(Beginning of EXERCISE INPUTS)

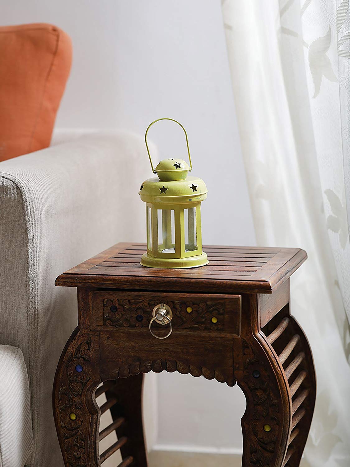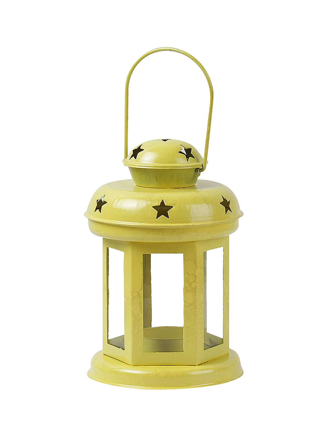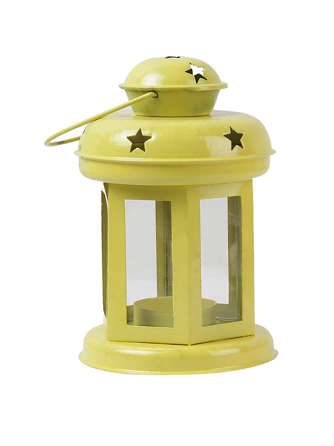 'Sammsara's' intricate star shape cut out design gives an exotic vibe to the lantern. Handcrafted perfectly, these iron & glass accent pieces add charm & quirkiness to every room. Available in 6 color options Blue, Red, Yellow, White, Gold & Black you cannot just choose one. Every piece come with a t-light, so now you can just sit back, relax & watch the serene light brighten up your room.
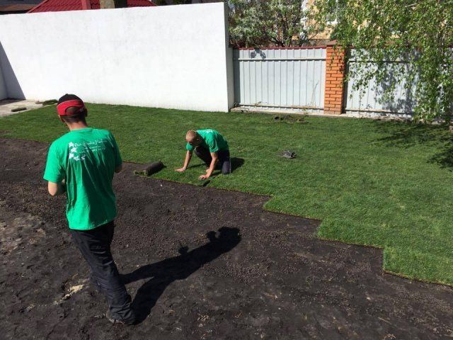 Laid lawn needs plenty of watering with sprinklers. In the first two weeks of his life in a new place, the drying of the root system of cereals should not be allowed. Constant humidity is the key to successful acclimatization. The edges of the rolls will require special attention, they should not dry out in any way.
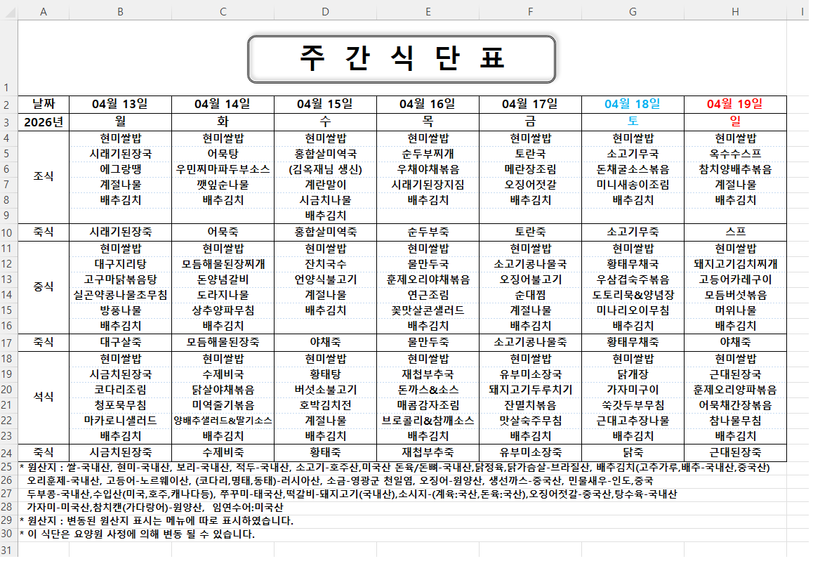 주간식단표 (2026.04.13 ~ 2026.04.19)
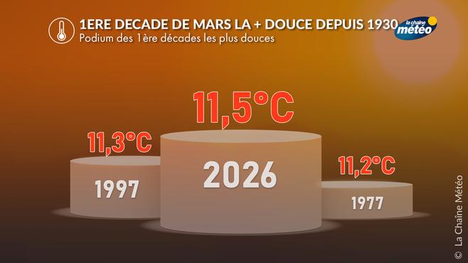 La première décade de mars 2026 restera dans les annales météorologiques. Jamais une telle douceur n’avait été observée à cette période en France. Cette anomalie thermique s’explique par un flux de sud durable faisant remonter de l'air d'origine subtropicale sur la France.
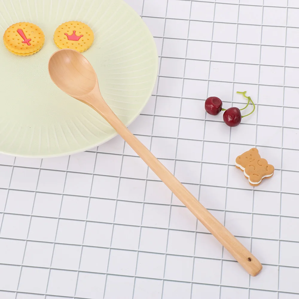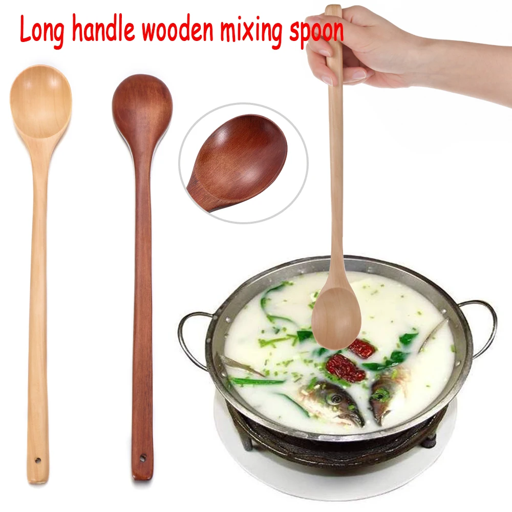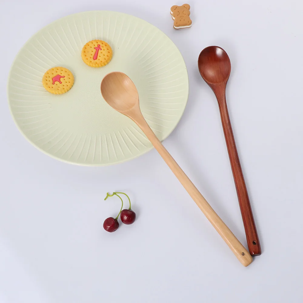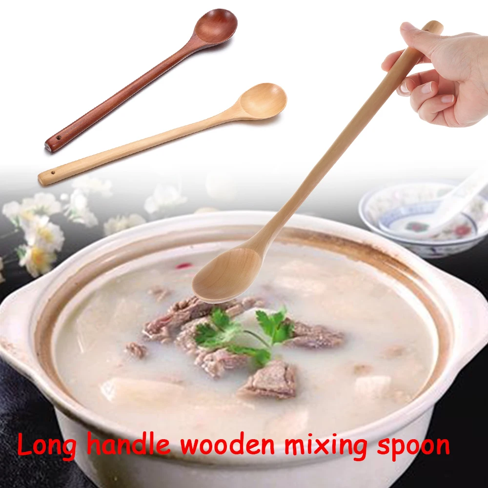 Ложка Из Длинная Деревянная Ручка натурального массива дерева в японском стиле, большая ложка для супа, чайная ложка, столовая посуда, ложка для перемешивания каши, десерта
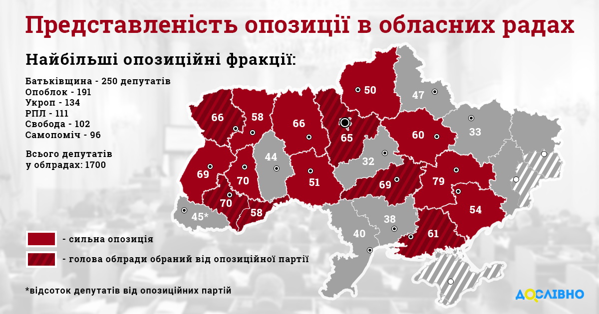 Больше всего депутатов от оппозиции в Днепропетровском (79% от общего состава совета), Ивано-Франковском (70%), Тернопольском (70%), Львовском (69%), Кировоградском (69%), Волынском (66%), Житомирском (66%), Киевском (65%) облсоветах.
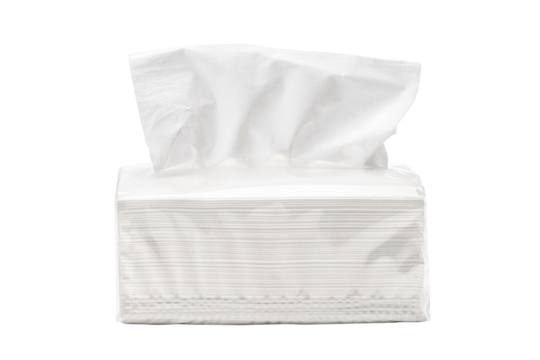 soft pack of white facial tissue papers isolated on white background.
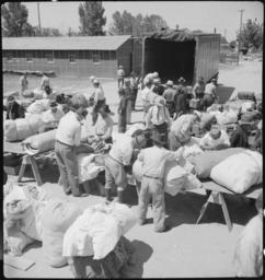 | Keywords: Turlock, California. Baggage is inspected as families arrive at Turlock assembly center. Evacuees . . . - NARA - 537648.jpg Scope and content The full caption for this photograph reads Turlock California Baggage is inspected as families arrive at Turlock assembly center Evacuees of Japanese ancestry will be transferred later to War Relocation Authority centers where they will spend the duration General notes 537648 Local identifier 210-G-C301 Department of the Interior War Relocation Authority 02/16/1944 - 06/30/1946 NARA-Author Lange Dorothea 1895-1965 Photographer 1372774 <br /> Still Picture Records Section Special Media Archives Services Division NWCS-S National Archives at College Park 8601 Adelphi Road College Park MD 20740-6001 1942-04-02 Record group Record Group 210 Records of the War Relocation Authority 1941 - 1989 Record group ARC 537 Central Photographic File of the War Relocation Authority compiled 1942 - 1945 Series ARC 536000 File unit File unit ARC Variant control numbers NAIL Control Number NWDNS-210-G-C301 Other versions <gallery> File Turlock _California _Baggage_is_inspected_as_families_arrive_at_Turlock_assembly_center _Evacuees_ _ _ _-_NARA_-_537648 tif tif File Turlock _California _Baggage_is_inspected_as_families_arrive_at_Turlock_assembly_center _Evacuees_ _ _ _-_NARA_-_537648 jpg jpg </gallery> NARA-cooperation PD-USGov Dorothea Lange Turlock Assembly Center |
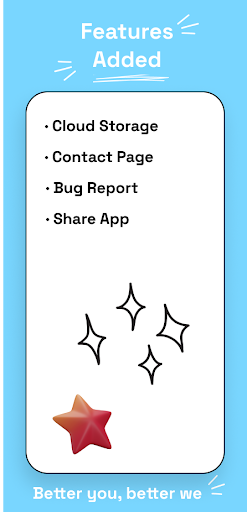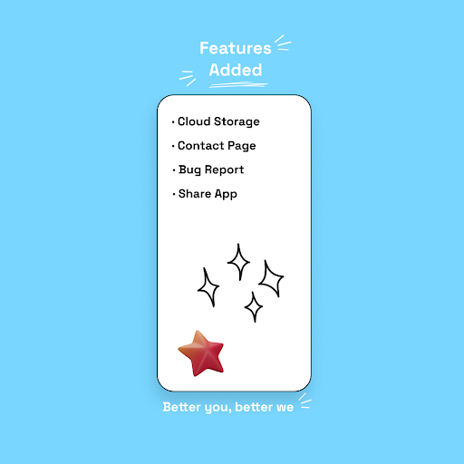 Features Added: → Cloud Storage → Bug Report → Settings Page

(End of EXERCISE INPUTS)

» PROBLEM:
Take the entries above and restate them word for word, minus their images.

» ANSWER BOX:
 'Sammsara's' intricate star shape cut out design gives an exotic vibe to the lantern. Handcrafted perfectly, these iron & glass accent pieces add charm & quirkiness to every room. Available in 6 color options Blue, Red, Yellow, White, Gold & Black you cannot just choose one. Every piece come with a t-light, so now you can just sit back, relax & watch the serene light brighten up your room.
 Laid lawn needs plenty of watering with sprinklers. In the first two weeks of his life in a new place, the drying of the root system of cereals should not be allowed. Constant humidity is the key to successful acclimatization. The edges of the rolls will require special attention, they should not dry out in any way.
 주간식단표 (2026.04.13 ~ 2026.04.19)
 La première décade de mars 2026 restera dans les annales météorologiques. Jamais une telle douceur n’avait été observée à cette période en France. Cette anomalie thermique s’explique par un flux de sud durable faisant remonter de l'air d'origine subtropicale sur la France.
 Ложка Из Длинная Деревянная Ручка натурального массива дерева в японском стиле, большая ложка для супа, чайная ложка, столовая посуда, ложка для перемешивания каши, десерта
 Больше всего депутатов от оппозиции в Днепропетровском (79% от общего состава совета), Ивано-Франковском (70%), Тернопольском (70%), Львовском (69%), Кировоградском (69%), Волынском (66%), Житомирском (66%), Киевском (65%) облсоветах.
 soft pack of white facial tissue papers isolated on white background.
 | Keywords: Turlock, California. Baggage is inspected as families arrive at Turlock assembly center. Evacuees . . . - NARA - 537648.jpg Scope and content The full caption for this photograph reads Turlock California Baggage is inspected as families arrive at Turlock assembly center Evacuees of Japanese ancestry will be transferred later to War Relocation Authority centers where they will spend the duration General notes 537648 Local identifier 210-G-C301 Department of the Interior War Relocation Authority 02/16/1944 - 06/30/1946 NARA-Author Lange Dorothea 1895-1965 Photographer 1372774 <br /> Still Picture Records Section Special Media Archives Services Division NWCS-S National Archives at College Park 8601 Adelphi Road College Park MD 20740-6001 1942-04-02 Record group Record Group 210 Records of the War Relocation Authority 1941 - 1989 Record group ARC 537 Central Photographic File of the War Relocation Authority compiled 1942 - 1945 Series ARC 536000 File unit File unit ARC Variant control numbers NAIL Control Number NWDNS-210-G-C301 Other versions <gallery> File Turlock _California _Baggage_is_inspected_as_families_arrive_at_Turlock_assembly_center _Evacuees_ _ _ _-_NARA_-_537648 tif tif File Turlock _California _Baggage_is_inspected_as_families_arrive_at_Turlock_assembly_center _Evacuees_ _ _ _-_NARA_-_537648 jpg jpg </gallery> NARA-cooperation PD-USGov Dorothea Lange Turlock Assembly Center |
 Features Added: → Cloud Storage → Bug Report → Settings Page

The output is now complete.